Top of GIVEN DATA

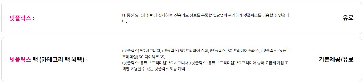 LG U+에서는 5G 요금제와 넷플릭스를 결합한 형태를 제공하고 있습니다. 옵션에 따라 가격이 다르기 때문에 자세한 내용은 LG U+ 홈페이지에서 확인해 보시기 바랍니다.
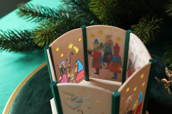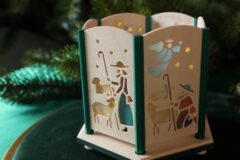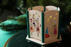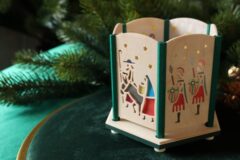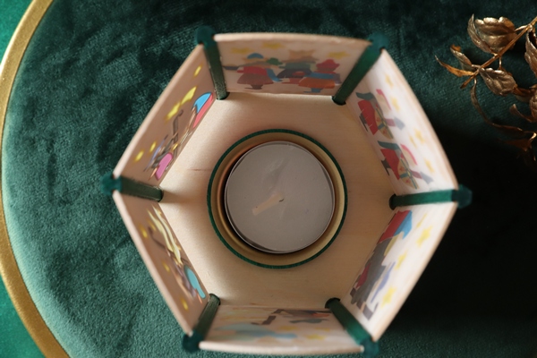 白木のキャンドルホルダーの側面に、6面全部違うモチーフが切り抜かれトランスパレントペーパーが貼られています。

Bottom of GIVEN DATA
Top of GIVEN DATA

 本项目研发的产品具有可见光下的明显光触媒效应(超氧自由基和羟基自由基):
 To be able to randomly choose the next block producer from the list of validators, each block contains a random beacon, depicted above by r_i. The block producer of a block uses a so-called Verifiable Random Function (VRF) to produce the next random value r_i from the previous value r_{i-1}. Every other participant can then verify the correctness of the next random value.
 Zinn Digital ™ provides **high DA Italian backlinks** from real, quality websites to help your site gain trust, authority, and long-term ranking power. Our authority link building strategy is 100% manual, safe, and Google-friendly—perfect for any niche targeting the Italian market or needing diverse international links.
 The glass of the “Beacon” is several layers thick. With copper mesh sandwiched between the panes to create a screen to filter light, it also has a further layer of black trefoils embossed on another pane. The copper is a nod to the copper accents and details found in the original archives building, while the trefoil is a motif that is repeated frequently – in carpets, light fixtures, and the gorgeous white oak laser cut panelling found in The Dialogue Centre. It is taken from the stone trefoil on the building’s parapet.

Bottom of GIVEN DATA

[WORK REQUIRED] Reproduce each line of the records in which the word "building" appears.

[ANSWER TO THE EXERCISE]
 Zinn Digital ™ provides **high DA Italian backlinks** from real, quality websites to help your site gain trust, authority, and long-term ranking power. Our authority link building strategy is 100% manual, safe, and Google-friendly—perfect for any niche targeting the Italian market or needing diverse international links.
 The glass of the “Beacon” is several layers thick. With copper mesh sandwiched between the panes to create a screen to filter light, it also has a further layer of black trefoils embossed on another pane. The copper is a nod to the copper accents and details found in the original archives building, while the trefoil is a motif that is repeated frequently – in carpets, light fixtures, and the gorgeous white oak laser cut panelling found in The Dialogue Centre. It is taken from the stone trefoil on the building’s parapet.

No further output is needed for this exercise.